The Last Movie montage from Seventeen (July 1970)

From the late 1960s into the mid-1970s, the traditional wellspring of American cinema was threatened, redirected, and ultimately enriched by the emergence of what came to be known as “New Hollywood.” This was an era in which young filmmakers, actors, musicians, and other creatives carved out a cultural niche which still endures in the imagination and aspirations of many people across the globe almost 60 years later. It is this epoch which animates Peter Stanfield’s Dirty Real: Exile on Hollywood and Vine with the Gin Mill Cowboys, published by Reaktion Books.

The titular “Dirty Real” refers to a decidedly bohemian lifestyle which could include a rootless existence with spartan lodgings when on the road, a cultivated inattentiveness to appearance (clothes/hair/hygiene), conspicuous and guilt free pleasure seeking (sex/drugs/alcohol), and a rejection of the establishment (school/work/family/capitalism), all of which represented an alternative version of that great American ambition, freedom. It was this aesthetic, manifest in the setting, plot, characterization, and soundtracks of several dozen films in the late 1960s-early 1970s which Stanfield posits as the core of the “Dirty Real” canon.

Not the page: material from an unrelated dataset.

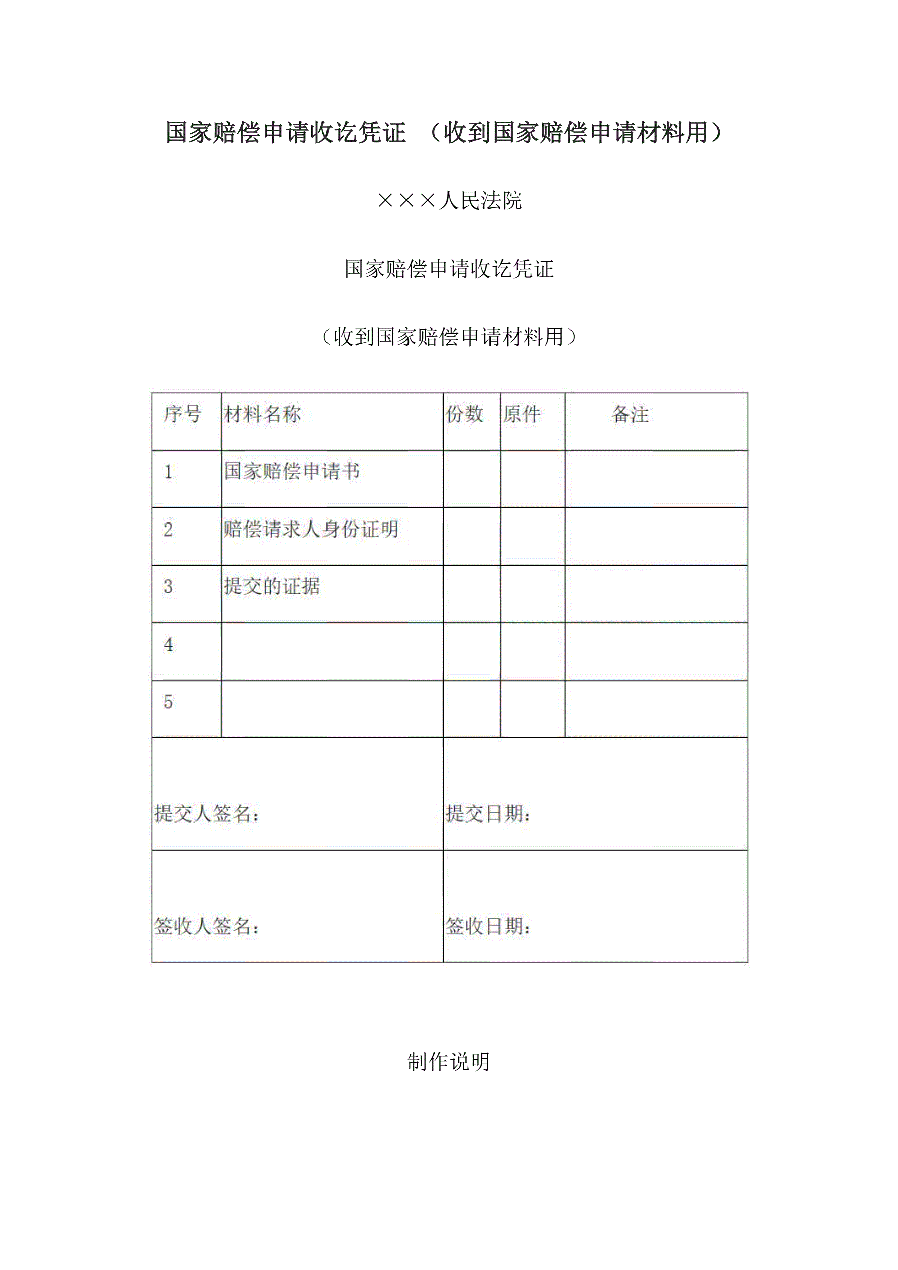 国家赔偿申请收讫凭证(收到国家赔偿申请材料用)
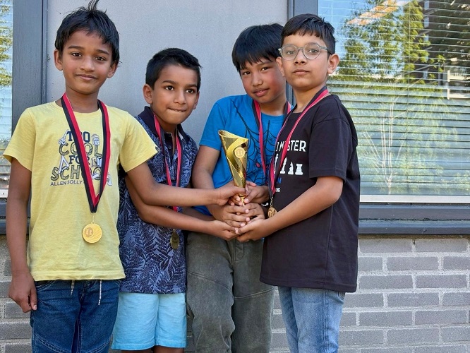 De Zukertort E1 (Aashray, Daksh, Anika, Shanay) is tijdens het teamkampioenschap van afgelopen zondag in Muiderberg derde geworden, en kwalificeerde zich daarmee voor het nationale teamkampioenschap E! De Zukertort E2 (Neev, Troy, Dev en Saanvi) legde beslag op de zevende plaats. De E1 verloor alleen van het sterke team uit Almere, en eindigde precies gelijk met de VAS E1 op de tweede/derde plaats. De barrage voor de tweede plek tussen VAS E1 en Zukertort E1 ging helaas verloren, dus werd het het brons! De dappere strijders staan met elkaar op de foto!

A running theme in the book is the quest for the authentic “dirt,” a commodity which the filmmakers and actors took great pride in pursuing, accomplishing and presenting to an audience with an appetite for such fare and apparently an ambition or fantasy to pursue that life for themselves. Nonetheless, Stanfield argues that these actors, directors, writers, and their productions fell short of legitimacy. In its filmic form it was modification, affectation and ultimately commodification of the genuine Dirty Real. On the faux authenticity of the Dirty Real filmmakers, Stanfield proclaims “the trick they pulled off was to suggest they had gained it by hard-scrabble labour, from experience earned on the road, with sweat and dirt honestly come by. In self-defined exile, with their privilege hiding in plain sight, they had this tale to tell, and they told it with glorious, splendid elan” (40).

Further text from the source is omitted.